Carlos eats it and doesn't stare at the way the fire flickers across Cecil's face, making him look older, mysterious, like someone Carlos could meet in two years at college.

Someone who maybe would be interested in him, too. Instead of Carlos just pining, like an idiot.

“I'm going to get more graham crackers,” Carlos says, not bothering to check if it's a good lie. He's away the fire, in the sparse trees of the mountain, when he notices that he's not alone.

“Mountaineering Buddy,” Cecil says, quietly, from behind him. “You can't just go off into the woods alone.”

“You're not my Mountaineering Buddy,” Carlos snaps. “You're Steve's. Why don't you just go back over there?”

Cecil frowns, confused. “I—why are you mad?”

“I'm not mad,” Carlos says, aware that he's snarling.

Cecil takes a step closer to him. “You are,” he says. “I don't get it, what's wrong?”
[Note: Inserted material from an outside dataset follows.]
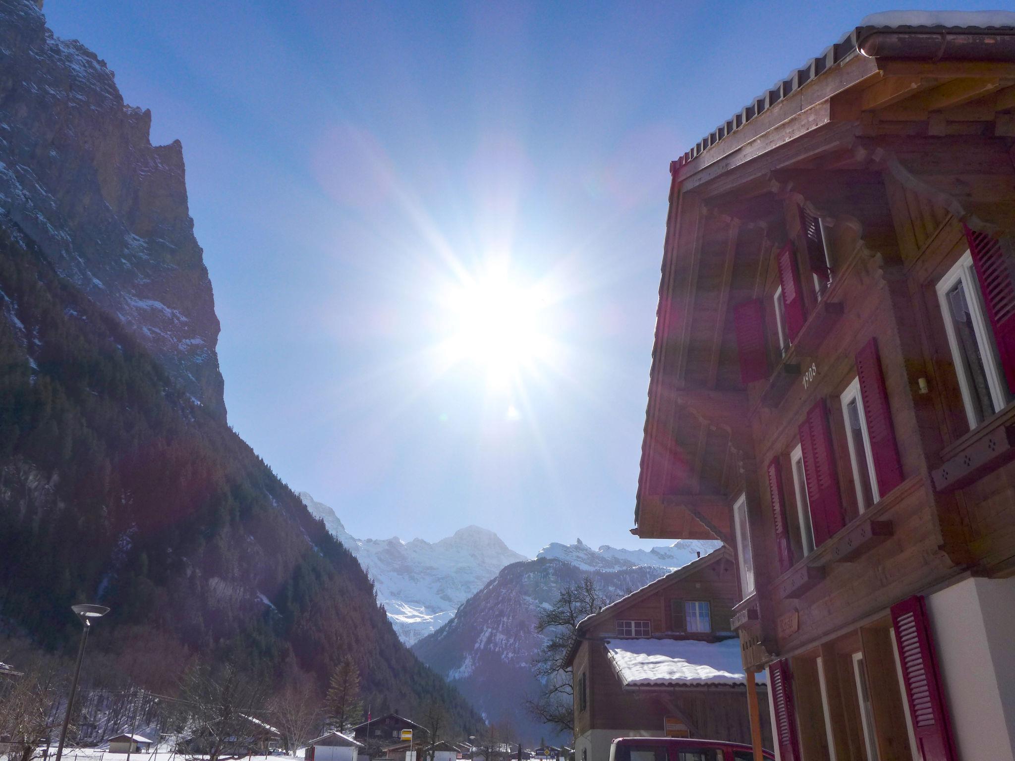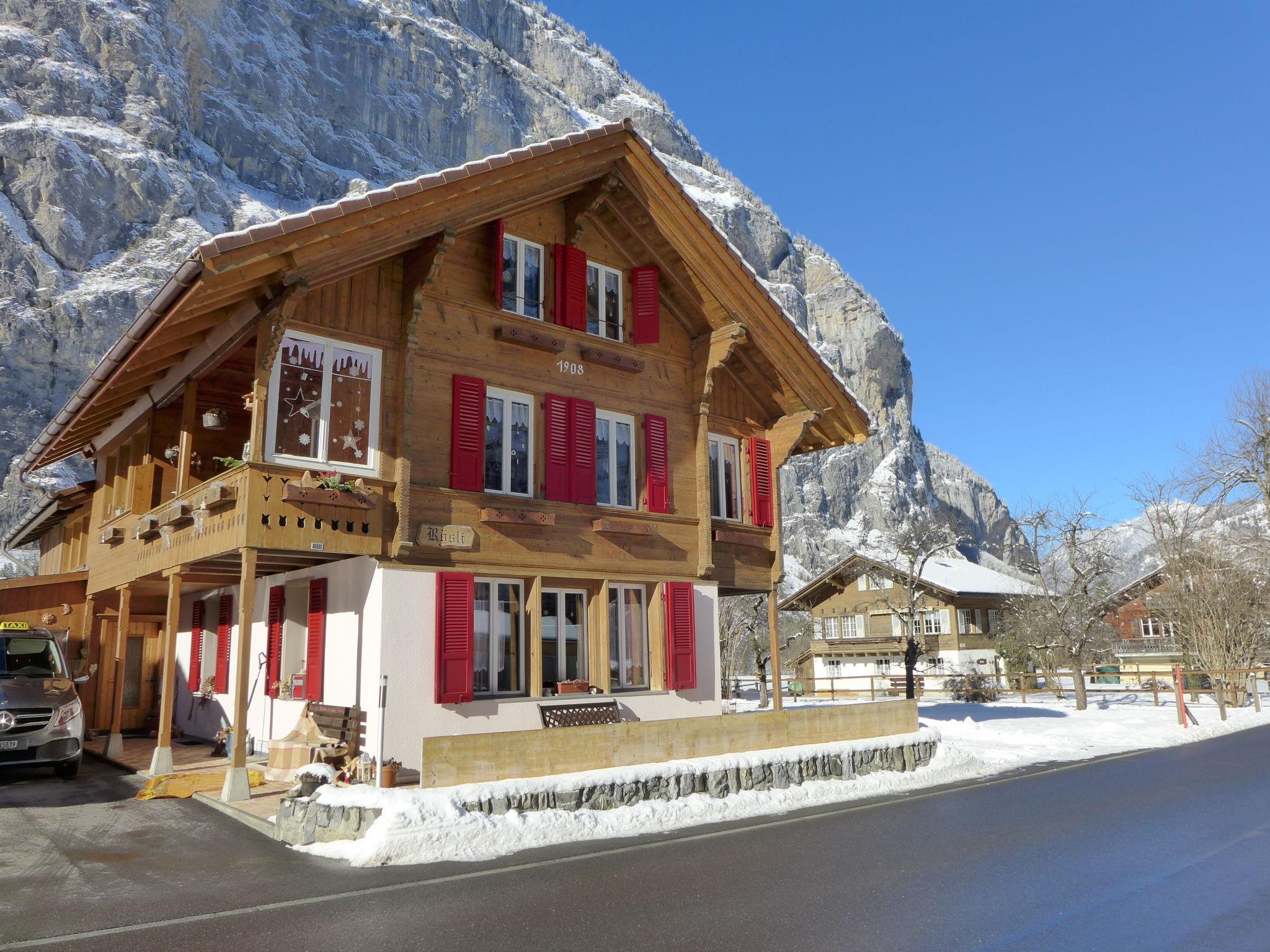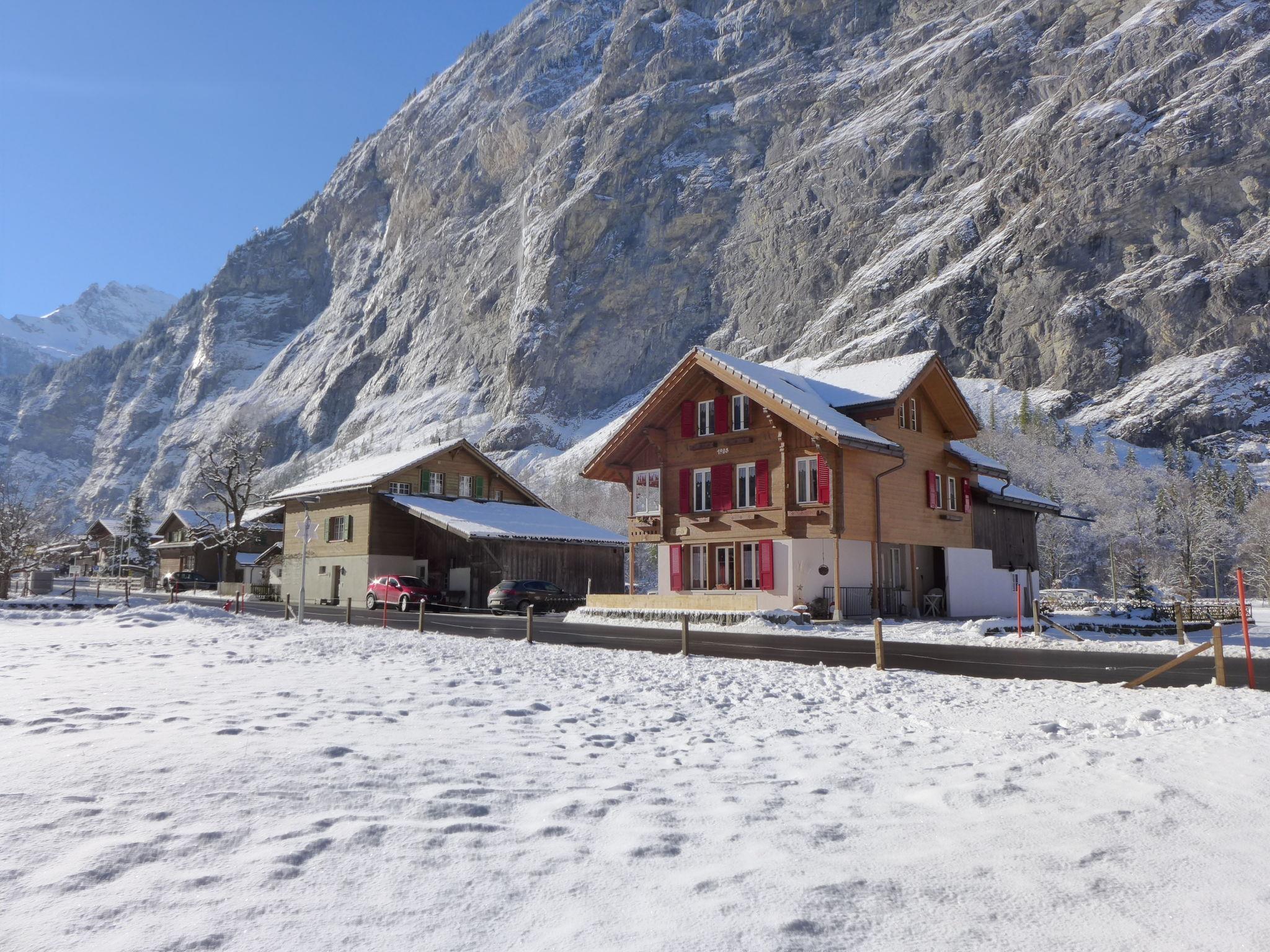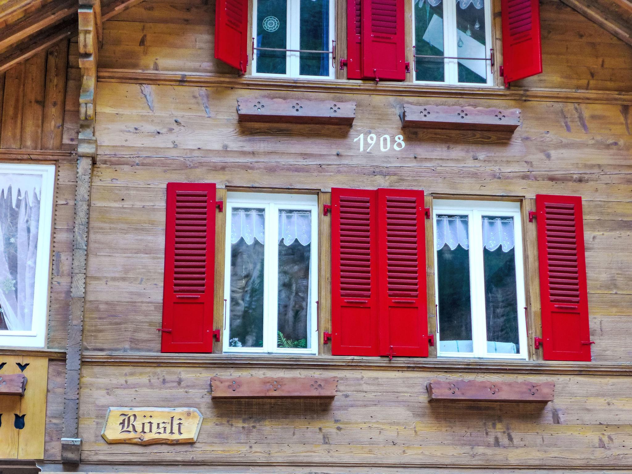 Stechelberg 4 km from Lauterbrunnen: Beautiful, rustic chalet "Rösli". In the district of Sandbach, in a secluded, sunny position, located by a road. For shared use: garden with lawn. Patio, garden furniture, parking at the house. Supermarket 3.7 km, restaurant 3 km, bus stop "Sandbach" 5 m, railway station "Lauterbrunnen" 3.7 km, outdoor swimming pool 3.7 km, indoor swimming pool 3.7 km. Tennis 2 km, minigolf 3 km, walking paths from the house 5 m, cable car 1.8 km, skisport facilities 2 km, ski bus stop 5 m, cross country ski track 50 m, ice rink 3 km. Nearby attractions: Trümmelbachfälle. Well-known ski regions can easily be reached: Mürren - Schilthorn, Wengen - Kleine Scheidegg. Hiking paths: Mürren, Hinteres Lauterbrunnental. Please note: Local sale of farm products. Ski bus (free of charge). The owner lives in the same residence. Main road close by.

A lot of things are wrong. Carlos takes a deep breath, counts to ten, tries to calm down a little. Cecil is looking at him, wounded, and Carlos hates that, even if it's Cecil's fault that Carlos wants to scream until the entire mountain goes quiet.

But it's not Cecil's fault. He didn't ask to have Carlos like him. And even if he did, it wouldn't be his fault. It takes all the anger out of Carlos, makes him just feel—tired. Just really tired.

“Nothing's wrong.”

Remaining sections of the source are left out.